MGBTcohn2011(x, r=NULL, n=length(x)) # only computes the GB_r, not a test

Arguments

`...`	Arguments to pass to the MGBT family of functions;
`x`	The data values and note that base-10 logarithms of these are computed internally except for the operation of the `MGBTcohn2011` function, which does not (see Examples for `RSlo`). Also protection from zero or negative values is made by the R function `pmax`, and these values are replaced with a “small” value of `1e-8` and tacitly TAC has assumed that p-values for these will be significantly small and truncated away;
`alphaout`	Literally the $\alpha_\mathrm{out}$ of Bulletin 17C. This is the significance level of the “sweep out” portion of MGBT;
`alphain`	This is the significance level of the “sweep in” portion of MGBT but starts at one plus the order statistic identified by `alphaout`;
`alphazeroin`	Literally the $\alpha_\mathrm{in}$ of Bulletin 17C. This is the significance level of the “sweep in” portion of MGBT;
`napv.zero`	A logical switch to reset a returned `NA` from `RthOrderPValueOrthoT` to zero. This is a unique extension by WHA based on large-scale batch testing of the USGS peak-values database (see Note). This being said, the fall-back to Monte Carlo integration if the numerical integration fails, seems to mostly make this argument superfluous;
`offset`	The offset, if not `NA`, is added from the threshold unless the threshold itself is already zero. In practical application, this offset, if set, would likely be a negative quantity. This argument is a unique extension by WHA;
`min.obs`	The minimum number of observations. This option is provided to streamline larger applications, but the underlying logic in `MGBT17C` is robust and on failures because of small sizes return a threshold of `0` anyway;
`n2`	The number of `n2`-smallest values to be evaluated in the MGBT;
`r`	The number of truncated observations, which can be though of the rth order statistic and below; and
`n`	The number of observations. It is not clear that TAC intended `n` to be not equal to the sample size but TAC chose to not keep the length of `x` as determined internally to the function but to have it also available as an argument. Functions `BLlo` and `RSlo` also were designed similarly.

Value

The MGBT results as an R list:

`index`	The sample size $n$ , the value for `n2`, and the three indices of the “sweep out,” “sweep in,” and “sweep in from zero” processing (only for `MGBT17c` as this is an extension from TAC);
`omegas`	The $GB_r = \omega_r$ statistics for which the p-values in `pvalues` are shown. These are mostly returned for aid in debugging and verification of the algorithms;
`x`	The `n2`-smallest values in increasing order (only for `MGBT17c` as this is an extension from TAC);
`pvalues`	The p-values of the `n2`-smallest values of the sample (not available for `MGBT17c` because of algorithm design for speed);
`klow`	The number of low outliers detected;
`LOThresh`	The low-outlier threshold for the `klow+1` index of the sample (and possibly adjusted by the `offset`) or simply zero; and
`message`	Possibly message in event of some internal difficulty.

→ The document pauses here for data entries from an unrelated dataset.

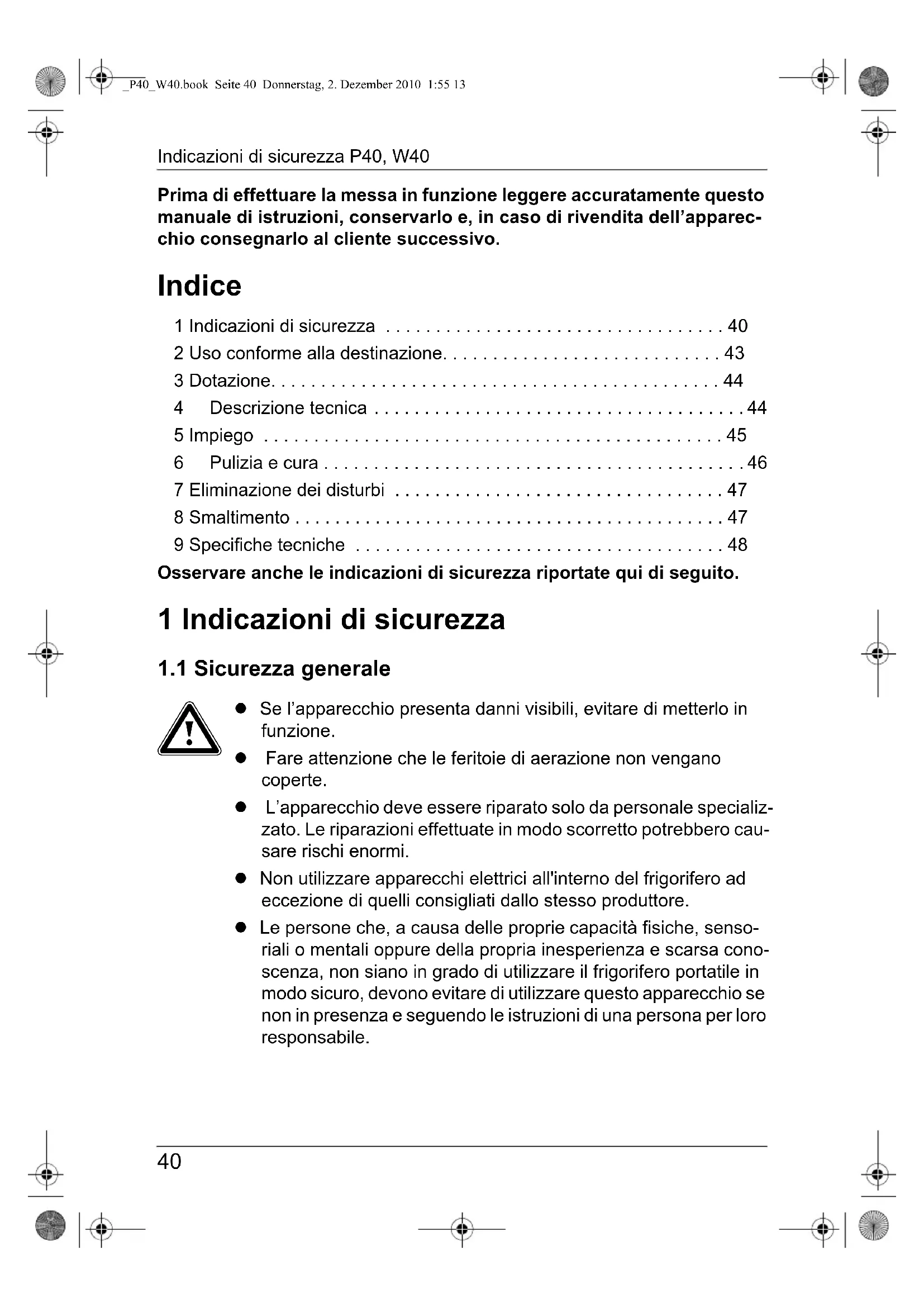 z Collegare l’apparecchio solo nel modo seguente: – con il cavo di allacciamento CC (fig. 1 2, pagina 3) alla spina CC del veicolo (ad es. accendisigari) – oppure con il cavo di allacciamento da 230 V (fig. 1 3, pagina 3) alla rete di alimentazione in corrente alternata da 230 V z Non estrarre mai la spina dalla presa tirando il cavo di allaccia- mento. z Se il cavo di allacciamento è danneggiato, deve essere sostitu- ito con un cavo dello stesso tipo e con le stesse specifiche. z Staccare l'apparecchio dalla rete – prima di effettuare la pulizia e la cura – dopo ogni utilizzo z Quando il frigorifero è collegato ad un presa da CC: interrompe- re il collegamento o spegnere il frigorifero se il motore viene spento. Altrimenti la batteria si può scaricare. z Per imbarcazioni: con il collegamento alla rete fare sempre in modo che l’alimentazione elettrica sia sempre controllata da un interruttore differenziale! Pericolo di morte! z Staccare il frigorifero e le altre utenze dalla batteria prima di col- legare il caricabatterie rapido! z Confrontare i dati della tensione riportati sulla targhetta con quelli delle prese e degli attacchi disponibili. _P40_W40.book Seite 41 Donnerstag, 2. Dezember 2010 1:55 13Indicazioni di sicurezza P40, W40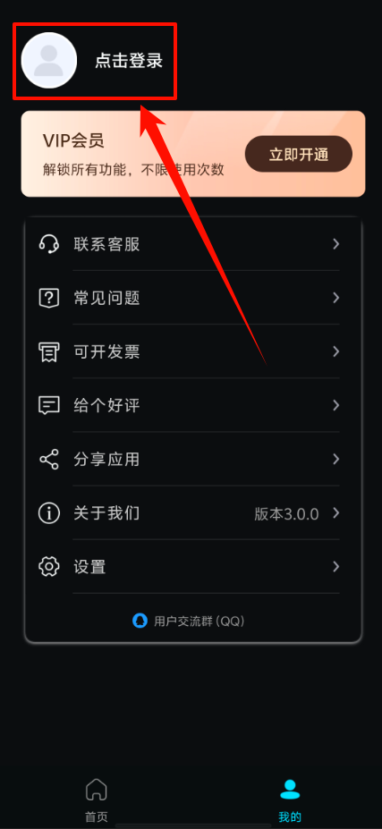 手机上打开APP后,在「我的」页面点击左上角的“点击登录”即可注册软件会员。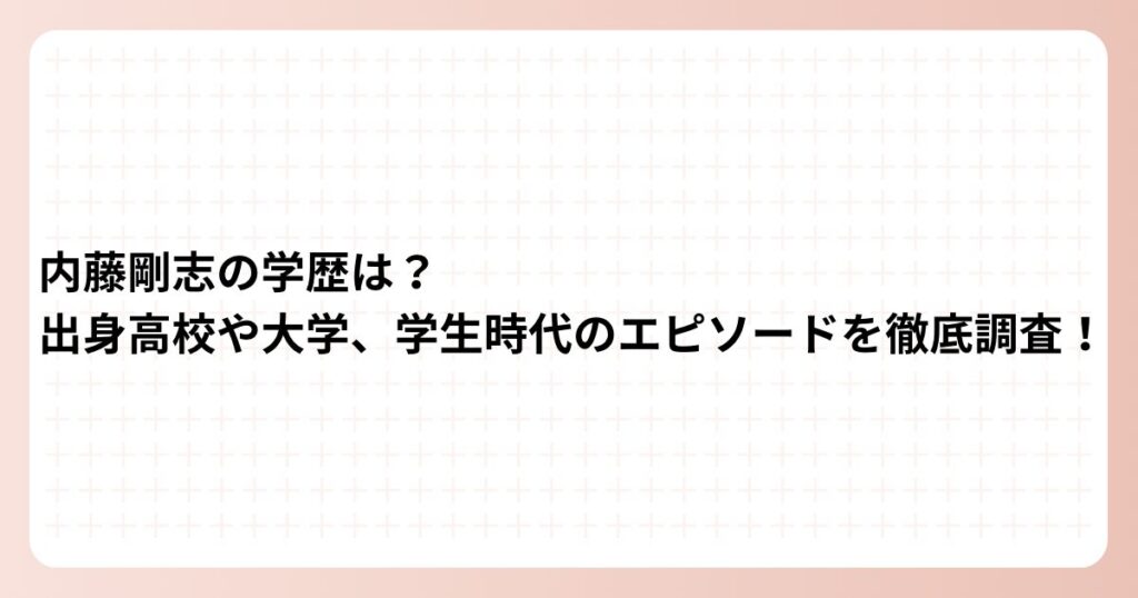 数々のドラマや映画で活躍する実力派俳優の内藤剛志さん。 そんな内藤剛志さんですが、意外にも優秀な学歴の持ち主なのでしょうか。 実は内藤剛志さんは、難関校出身でありながら大学を中退するというユニークな経歴の持ち主です。 今回は、内藤剛志さんの... -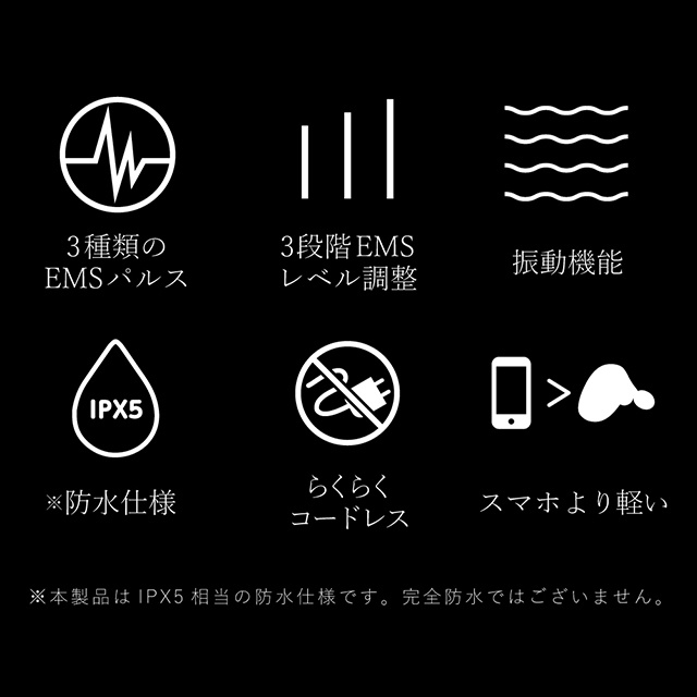 JIS基準(IPX5)の防水仕様。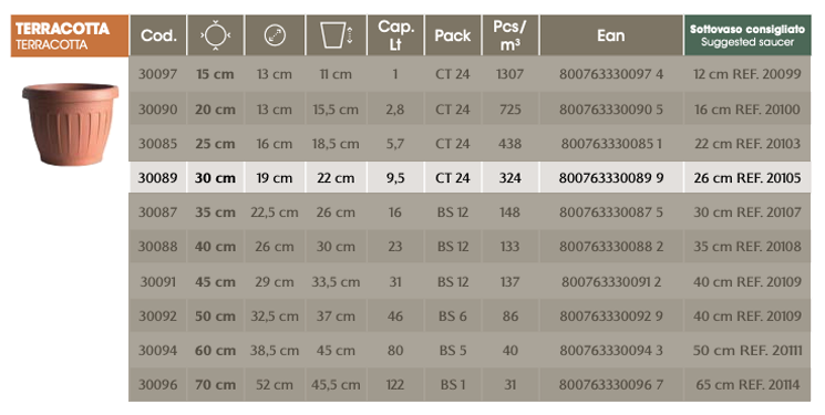 CIOTOLA "ALBA" D.30 C/SOTTOVASO TERRACOTTA (C. 30730)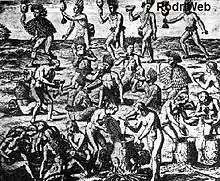 Preparo pelos guaranis de uma bebida alcoólica chamada Ka'u'y (cauim)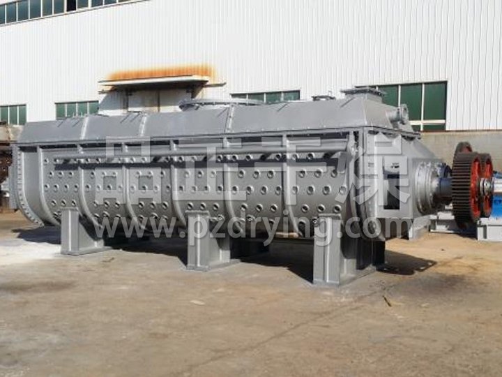 Wedge hollow blades are densely arranged on the hollow shaft, and the thermal medium flows through the blades through the hollow shaft. The heat transfer area per unit effective volume is large, and the temperature of the thermal medium ranges from - 40 ℃ to 320 ℃, which can be either water vapor or liquid: such as hot water, heat transfer oil, etc. Indirect conduction heating does not carry air away heat, and the heat is used to heat materials. The heat loss is only the heat dissipation to the environment through the insulation layer of the body. The heat transfer surface of wedge blade has self-cleaning function. The relative movement of the material particles and the wedge surface produces the washing effect, which can wash off the attached materials on the wedge surface, so that the clean heat transfer surface is always maintained during operation. The shell of the paddle dryer is Ω type, and two to four hollow mixing shafts are generally arranged in the shell. The shell has a sealed end cover and an upper cover to prevent the leakage of material dust and give full play to its role.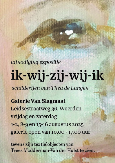| Vr 1 tm za 16 augustus 2025 – Expositieruimte Thea de Langen (1954) groeide op in Woerden en heeft een brede achtergrond in cultuur. Ze was muziekdocent, studeerde kunstgeschiedenis en werkte in cultuur en erfgoed educatie. Thea exposeert met portretten in de expositie ík-wij-zij-wij-ik’. Naast de schilderijen van Thea zijn verrassende textielobjecten te zien van Trees Modderman – van der Hulst. |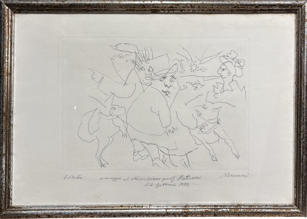 Mino Maccari, "Personaggi", es. P.d'A", 35 x 50 cm, 1984, dedica e firma a matita. In cornice.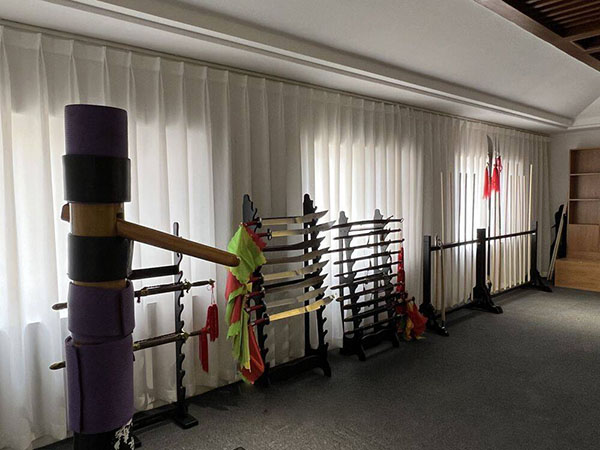功能区:场地分为陈氏太极拳训练区、双人推手区、双人粘枪区和休息区,每个区域都配备了专业的训练器材和设备。

The inclusion of x in the returned value is to add symmetry because the p-values are present. The inclusion of $n$ and n2 might make percentage computations of inward and outward sweep indices useful in exploratory analyses. Finally, the inclusion of the sweep indices is important as it was through inspection of these that the problems in TAC sources were discovered.

Note

Porting from TAC sources—TAC used MGBT for flood-frequency computations by a call

  oMGBT <- MGBT(Q=o_in@qu[o_in@typeSystematic])

in file P3_089(R).txt, and note the named argument Q= but consider in the definition Q is not defined as a named argument. For the MGBT package, the Q has been converted to a more generic variable x. Development of TAC's B17C version through the P3_089(R).txt or similar sources will simply require Q= to be removed from the MGBT call.

The original MGBT algorithms in R by TAC will throw some errors and warnings that required testing elsewhere for completeness (non-NULL) in algorithms “up the chain.” These errors appear to matter materially in pratical application in large-scale batch processing of USGS Texas peak-values data by WHA and GRH. For package MGBT, the TAC computations have been modified to wrap a try() around the numerical integration within RthOrderPValueOrthoT of peta, and insert a NA when the integration fails if and only if a second integration (fall-back) attempt using Monte Carlo integration fails as well.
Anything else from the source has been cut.